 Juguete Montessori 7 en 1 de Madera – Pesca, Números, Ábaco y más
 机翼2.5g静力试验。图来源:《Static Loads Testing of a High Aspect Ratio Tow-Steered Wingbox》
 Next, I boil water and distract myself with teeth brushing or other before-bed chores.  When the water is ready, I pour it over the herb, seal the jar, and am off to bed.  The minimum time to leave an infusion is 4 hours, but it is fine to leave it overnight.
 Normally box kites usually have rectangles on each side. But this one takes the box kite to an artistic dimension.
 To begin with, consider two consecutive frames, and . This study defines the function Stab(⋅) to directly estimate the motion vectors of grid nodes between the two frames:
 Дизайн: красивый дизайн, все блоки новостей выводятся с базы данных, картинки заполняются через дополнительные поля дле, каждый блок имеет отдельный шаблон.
******
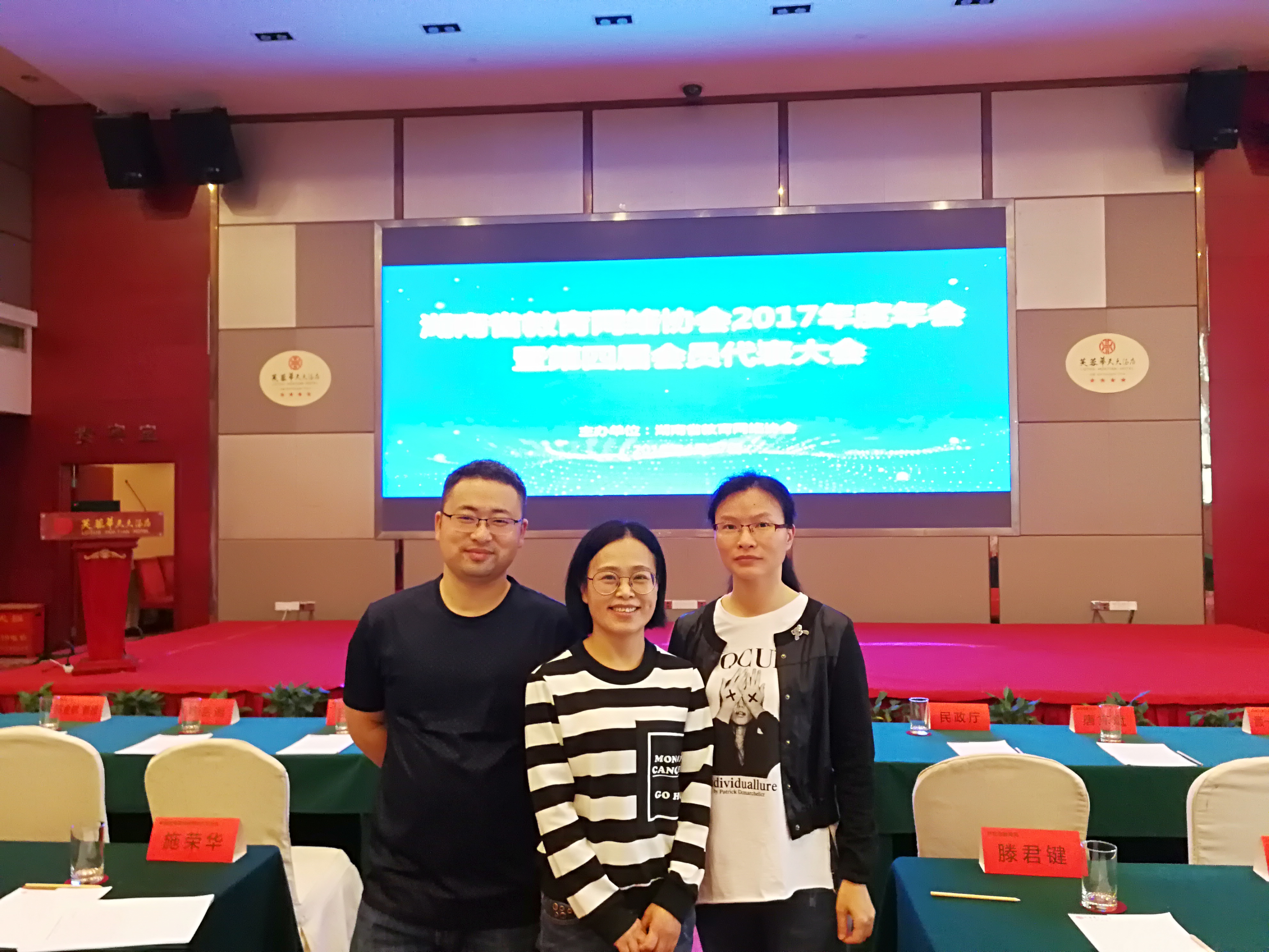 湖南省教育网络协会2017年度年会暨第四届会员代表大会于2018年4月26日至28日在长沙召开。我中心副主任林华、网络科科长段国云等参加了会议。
******
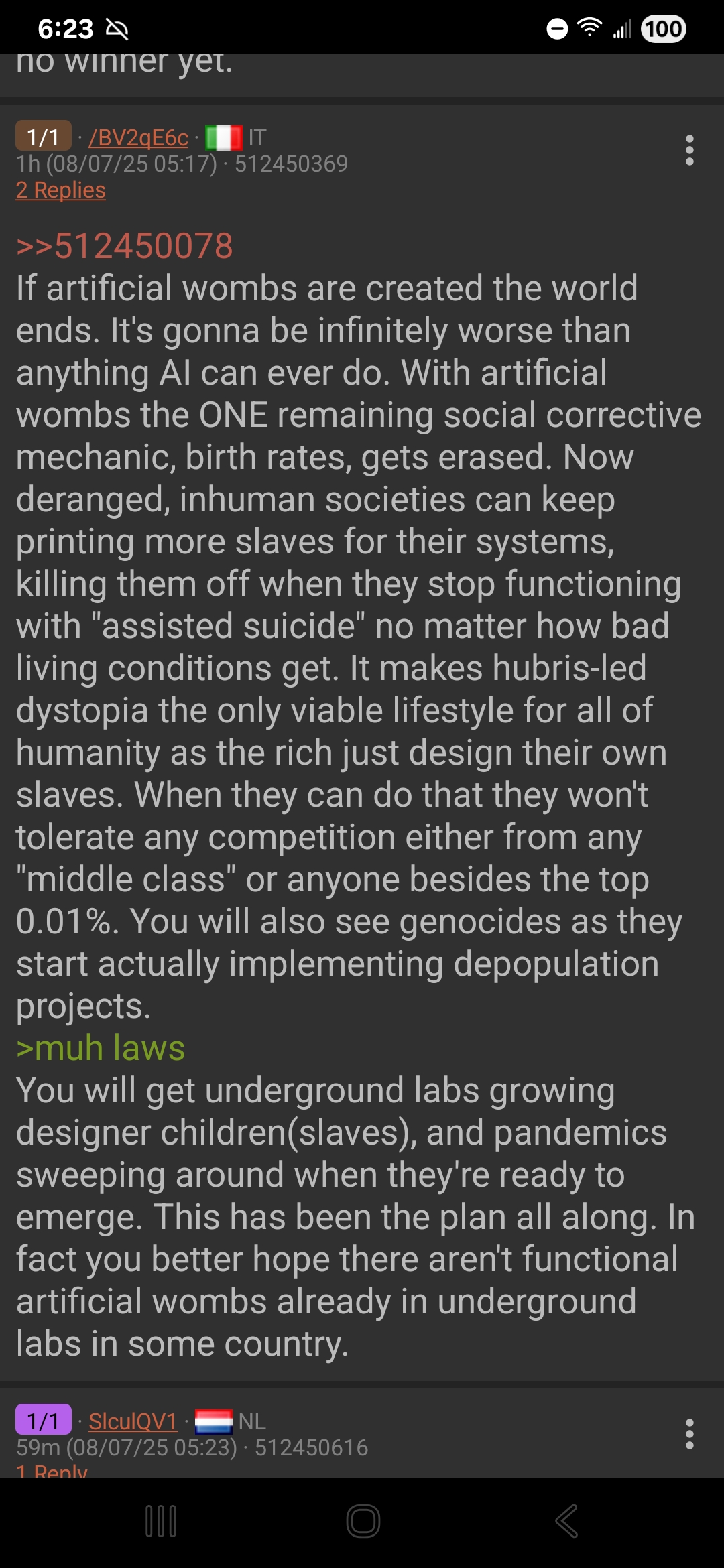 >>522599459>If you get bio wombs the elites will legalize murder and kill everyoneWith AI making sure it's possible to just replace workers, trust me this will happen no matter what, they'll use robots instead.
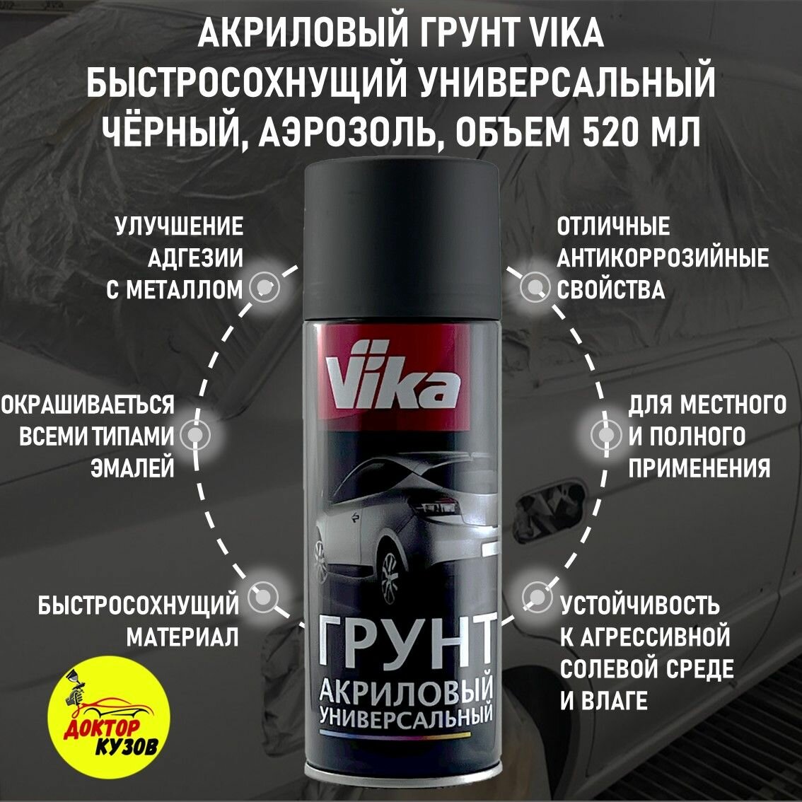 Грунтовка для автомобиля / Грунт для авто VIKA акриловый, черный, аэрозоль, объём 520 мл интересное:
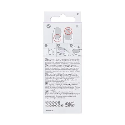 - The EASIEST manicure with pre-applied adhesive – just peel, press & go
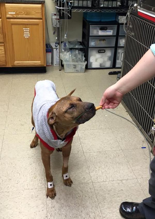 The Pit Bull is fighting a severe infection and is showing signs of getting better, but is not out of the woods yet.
******
→ **What the task requires**: Using the data above, repeat exactly the lines that begin at the line with "Juguete Montessori 7" and end at the line with "Дизайн: красивый дизайн, все", both ends included.

→ **Solution**:
 Juguete Montessori 7 en 1 de Madera – Pesca, Números, Ábaco y más
 机翼2.5g静力试验。图来源:《Static Loads Testing of a High Aspect Ratio Tow-Steered Wingbox》
 Next, I boil water and distract myself with teeth brushing or other before-bed chores.  When the water is ready, I pour it over the herb, seal the jar, and am off to bed.  The minimum time to leave an infusion is 4 hours, but it is fine to leave it overnight.
 Normally box kites usually have rectangles on each side. But this one takes the box kite to an artistic dimension.
 To begin with, consider two consecutive frames, and . This study defines the function Stab(⋅) to directly estimate the motion vectors of grid nodes between the two frames:
 Дизайн: красивый дизайн, все блоки новостей выводятся с базы данных, картинки заполняются через дополнительные поля дле, каждый блок имеет отдельный шаблон.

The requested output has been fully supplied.